(Task item)
Exactly the lines from the one with "Готовясь к 120-летнему" through the end of the records below are needed, minus any pictures.

(Records contained in a dataset)
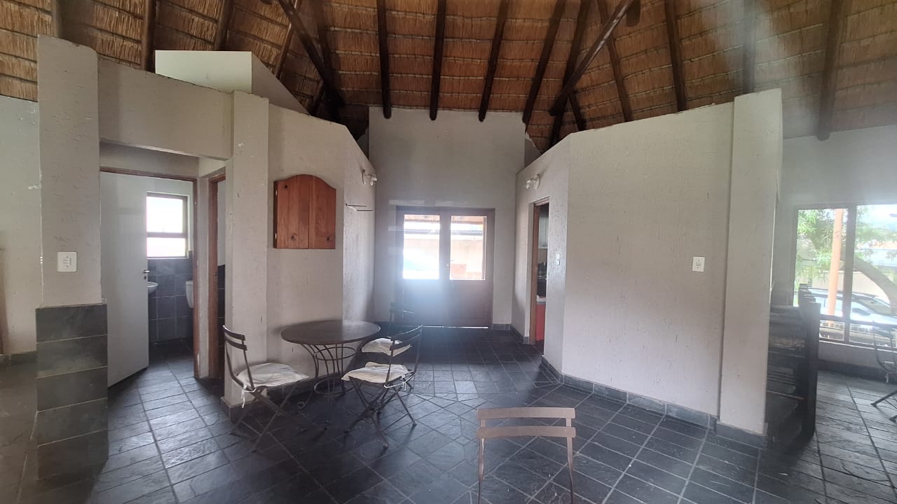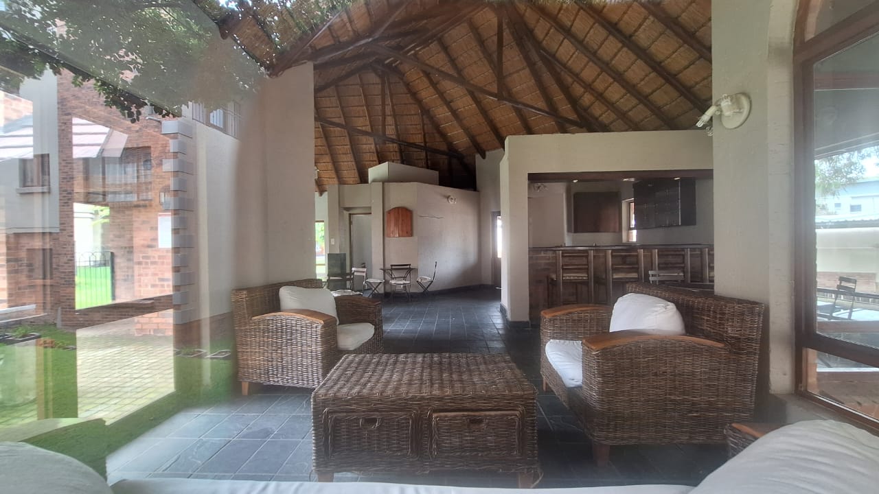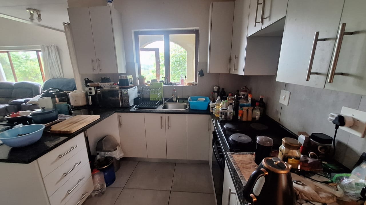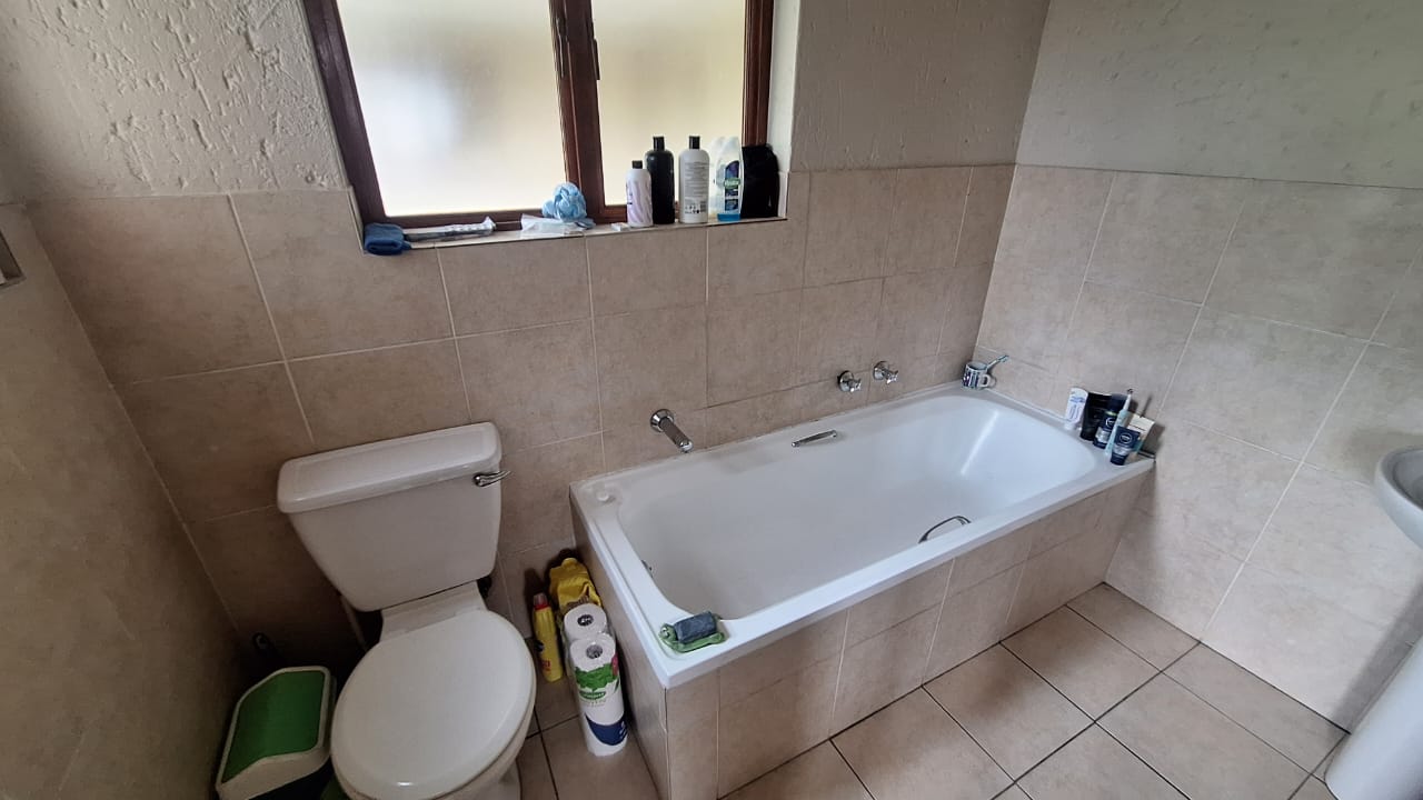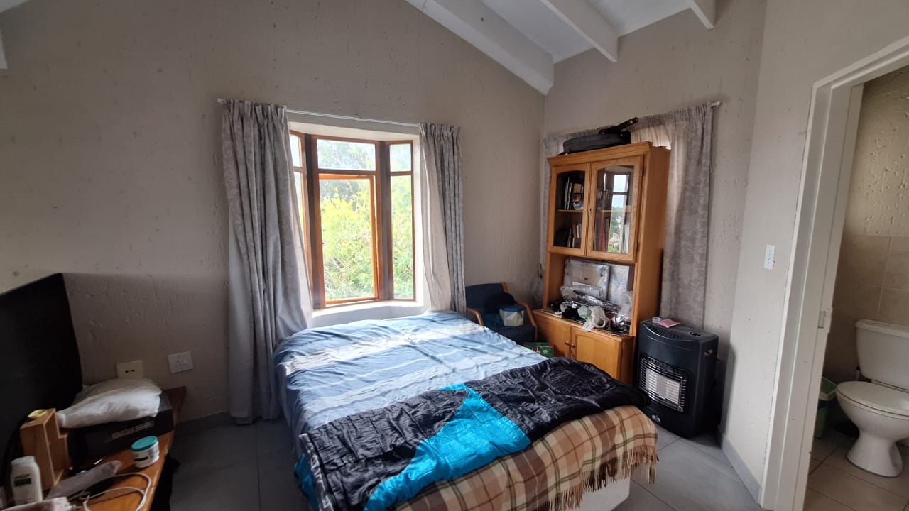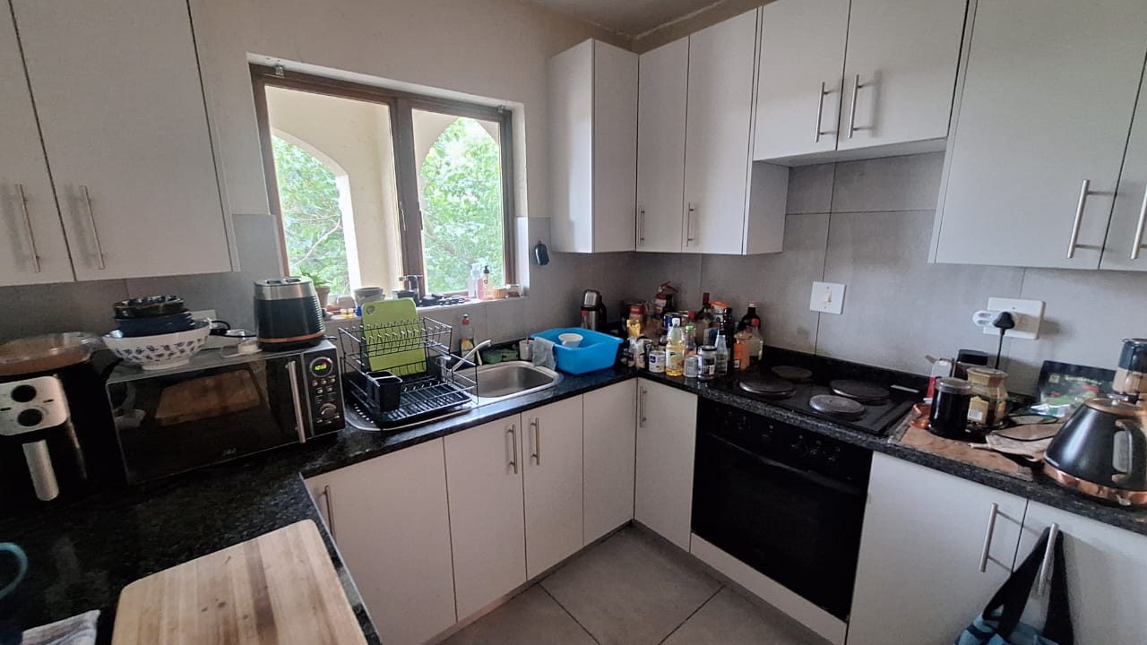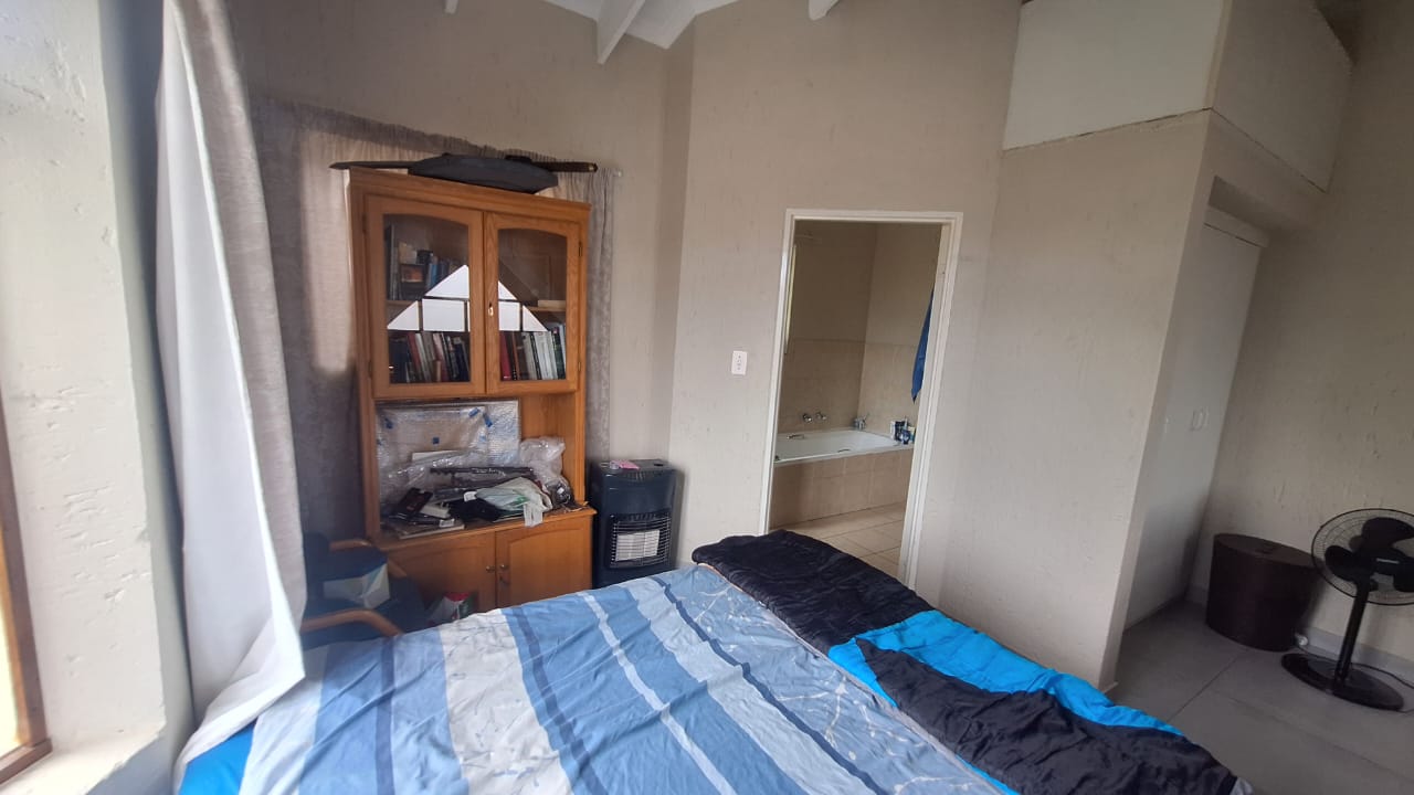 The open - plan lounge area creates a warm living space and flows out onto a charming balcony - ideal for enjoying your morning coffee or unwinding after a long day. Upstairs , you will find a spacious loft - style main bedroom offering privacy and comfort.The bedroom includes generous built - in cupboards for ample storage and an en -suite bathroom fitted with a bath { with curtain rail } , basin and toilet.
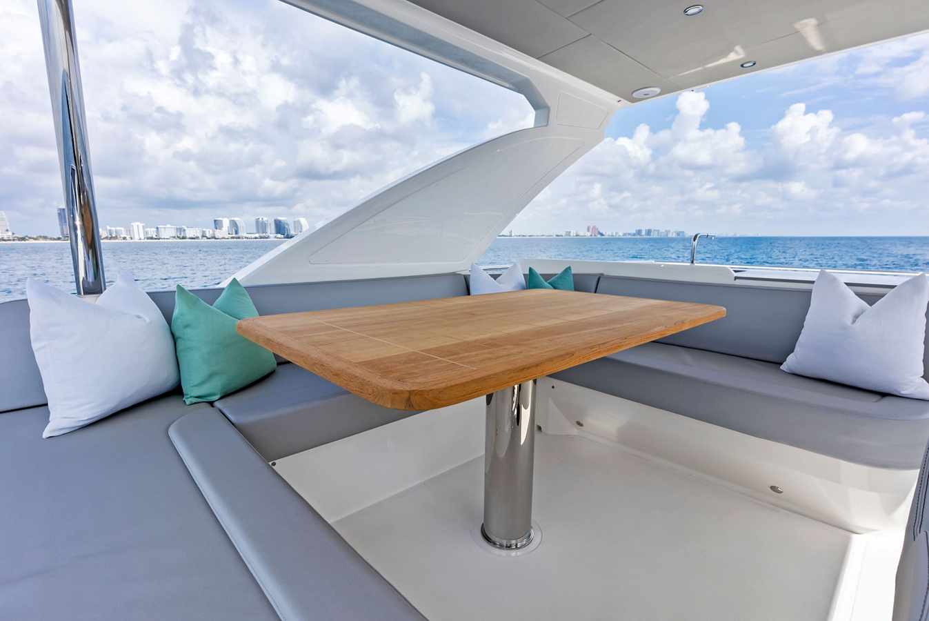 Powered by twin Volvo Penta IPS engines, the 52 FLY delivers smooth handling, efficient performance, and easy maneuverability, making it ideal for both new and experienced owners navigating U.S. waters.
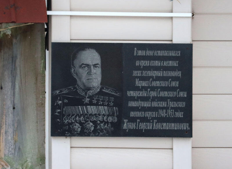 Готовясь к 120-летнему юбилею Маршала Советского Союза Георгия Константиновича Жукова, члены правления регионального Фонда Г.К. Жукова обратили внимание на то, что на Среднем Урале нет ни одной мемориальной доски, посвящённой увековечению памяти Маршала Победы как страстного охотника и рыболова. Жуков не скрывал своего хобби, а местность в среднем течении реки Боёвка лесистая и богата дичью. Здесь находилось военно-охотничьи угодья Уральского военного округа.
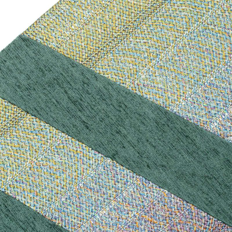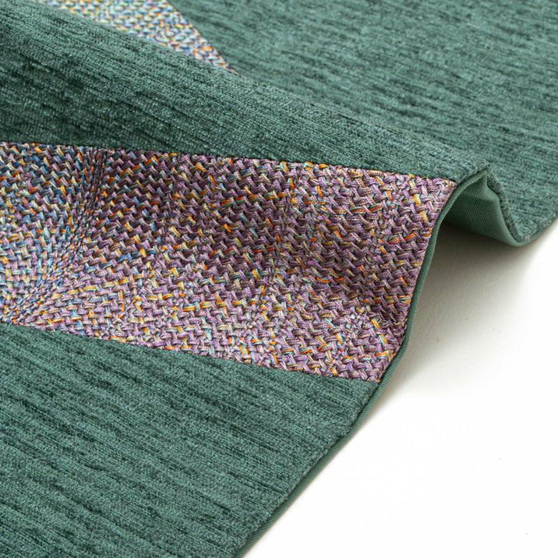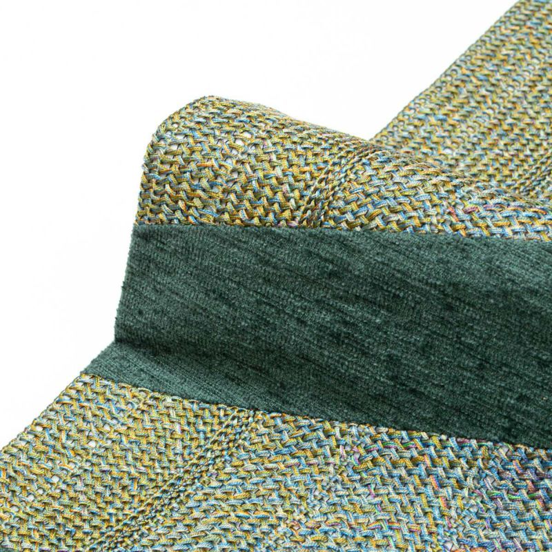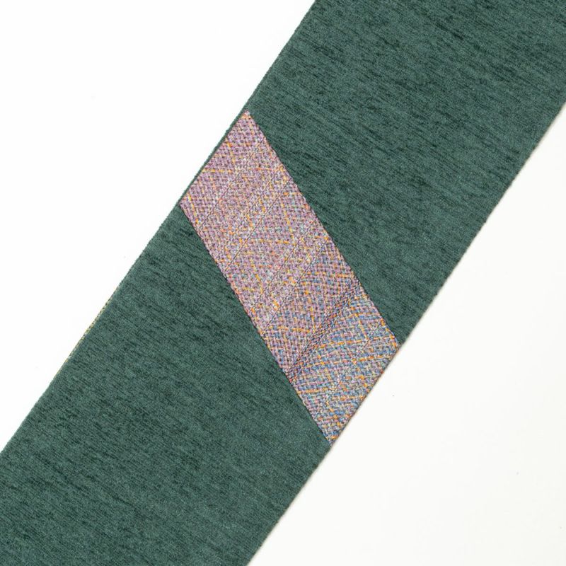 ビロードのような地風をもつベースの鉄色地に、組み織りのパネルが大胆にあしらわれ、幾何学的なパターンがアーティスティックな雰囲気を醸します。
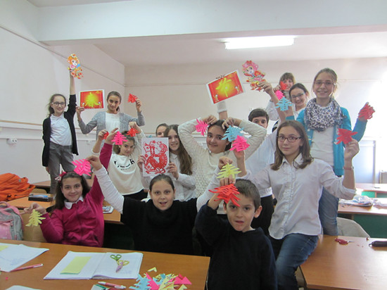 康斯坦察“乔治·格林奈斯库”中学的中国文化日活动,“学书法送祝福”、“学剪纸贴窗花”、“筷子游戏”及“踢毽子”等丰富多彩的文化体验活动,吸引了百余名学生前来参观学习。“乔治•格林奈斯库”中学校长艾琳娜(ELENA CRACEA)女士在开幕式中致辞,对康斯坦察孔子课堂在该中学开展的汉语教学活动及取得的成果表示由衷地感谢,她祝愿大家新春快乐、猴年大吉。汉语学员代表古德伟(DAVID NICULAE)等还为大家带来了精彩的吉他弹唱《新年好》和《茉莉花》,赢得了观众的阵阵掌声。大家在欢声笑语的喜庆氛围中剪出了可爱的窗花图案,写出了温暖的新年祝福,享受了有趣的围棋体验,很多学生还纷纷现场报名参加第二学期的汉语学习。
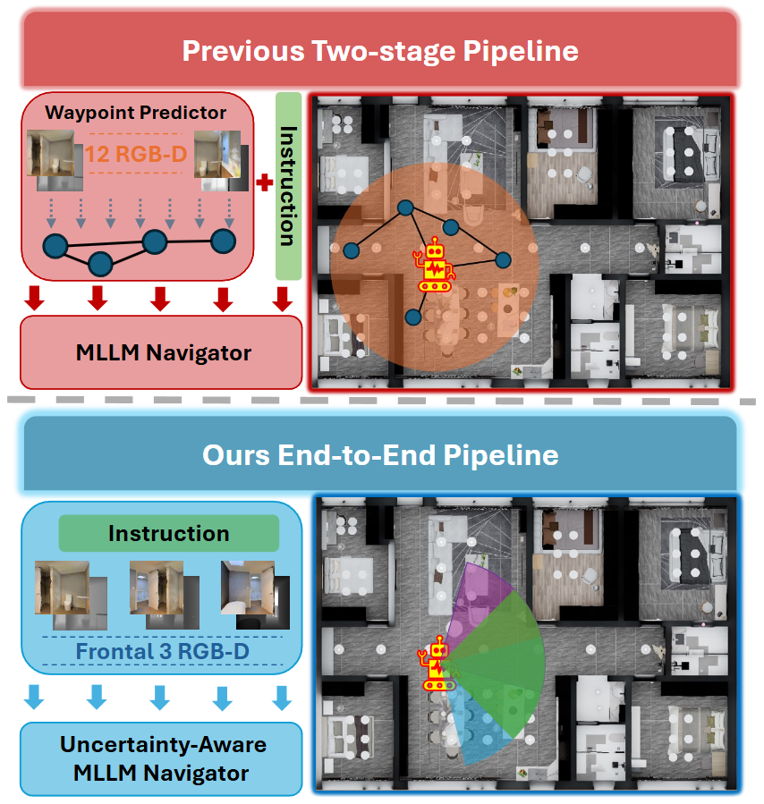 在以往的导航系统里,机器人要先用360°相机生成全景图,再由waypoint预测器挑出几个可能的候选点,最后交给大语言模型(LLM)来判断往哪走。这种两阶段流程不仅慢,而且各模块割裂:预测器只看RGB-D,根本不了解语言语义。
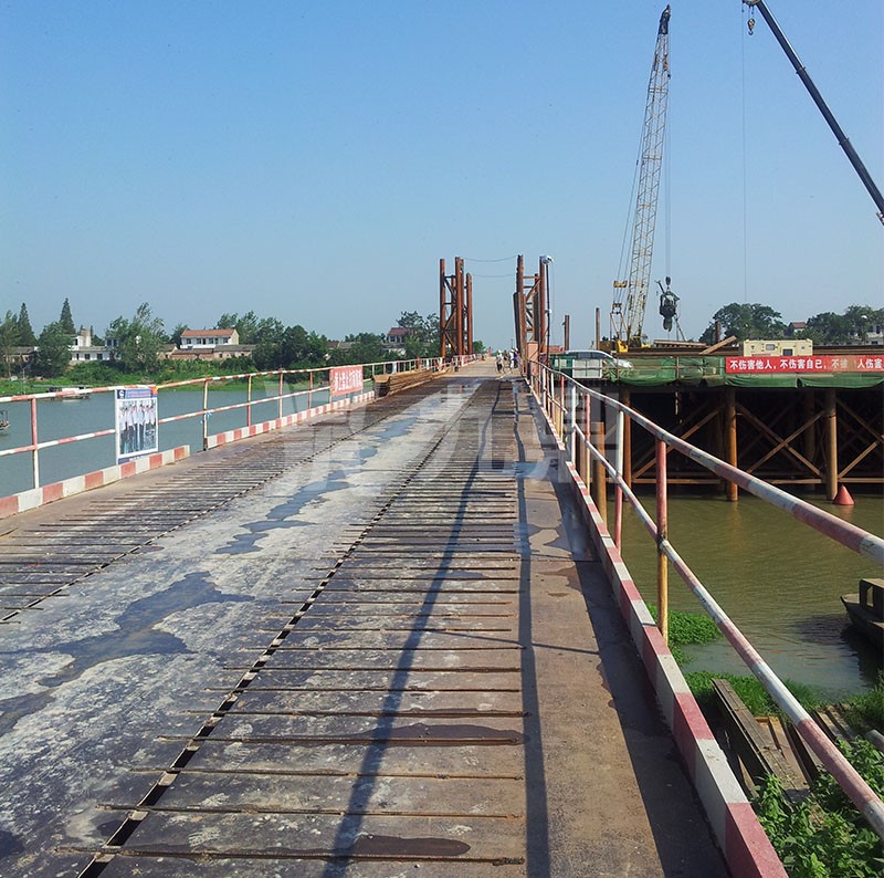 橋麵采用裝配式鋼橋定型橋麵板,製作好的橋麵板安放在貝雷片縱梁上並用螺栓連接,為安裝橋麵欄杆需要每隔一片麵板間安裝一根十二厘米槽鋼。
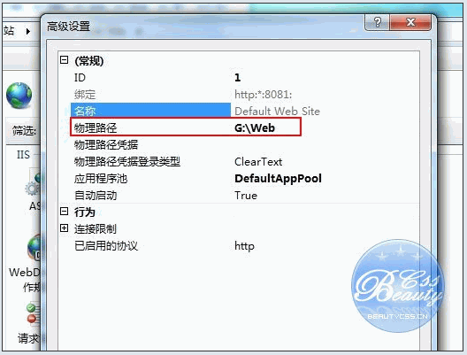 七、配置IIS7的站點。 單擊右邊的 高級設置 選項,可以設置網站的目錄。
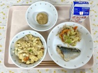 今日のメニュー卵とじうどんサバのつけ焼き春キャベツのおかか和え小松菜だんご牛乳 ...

(Output for this exercise)
 Готовясь к 120-летнему юбилею Маршала Советского Союза Георгия Константиновича Жукова, члены правления регионального Фонда Г.К. Жукова обратили внимание на то, что на Среднем Урале нет ни одной мемориальной доски, посвящённой увековечению памяти Маршала Победы как страстного охотника и рыболова. Жуков не скрывал своего хобби, а местность в среднем течении реки Боёвка лесистая и богата дичью. Здесь находилось военно-охотничьи угодья Уральского военного округа.
 ビロードのような地風をもつベースの鉄色地に、組み織りのパネルが大胆にあしらわれ、幾何学的なパターンがアーティスティックな雰囲気を醸します。
 康斯坦察“乔治·格林奈斯库”中学的中国文化日活动,“学书法送祝福”、“学剪纸贴窗花”、“筷子游戏”及“踢毽子”等丰富多彩的文化体验活动,吸引了百余名学生前来参观学习。“乔治•格林奈斯库”中学校长艾琳娜(ELENA CRACEA)女士在开幕式中致辞,对康斯坦察孔子课堂在该中学开展的汉语教学活动及取得的成果表示由衷地感谢,她祝愿大家新春快乐、猴年大吉。汉语学员代表古德伟(DAVID NICULAE)等还为大家带来了精彩的吉他弹唱《新年好》和《茉莉花》,赢得了观众的阵阵掌声。大家在欢声笑语的喜庆氛围中剪出了可爱的窗花图案,写出了温暖的新年祝福,享受了有趣的围棋体验,很多学生还纷纷现场报名参加第二学期的汉语学习。
 在以往的导航系统里,机器人要先用360°相机生成全景图,再由waypoint预测器挑出几个可能的候选点,最后交给大语言模型(LLM)来判断往哪走。这种两阶段流程不仅慢,而且各模块割裂:预测器只看RGB-D,根本不了解语言语义。
 橋麵采用裝配式鋼橋定型橋麵板,製作好的橋麵板安放在貝雷片縱梁上並用螺栓連接,為安裝橋麵欄杆需要每隔一片麵板間安裝一根十二厘米槽鋼。
 七、配置IIS7的站點。 單擊右邊的 高級設置 選項,可以設置網站的目錄。
 今日のメニュー卵とじうどんサバのつけ焼き春キャベツのおかか和え小松菜だんご牛乳 ...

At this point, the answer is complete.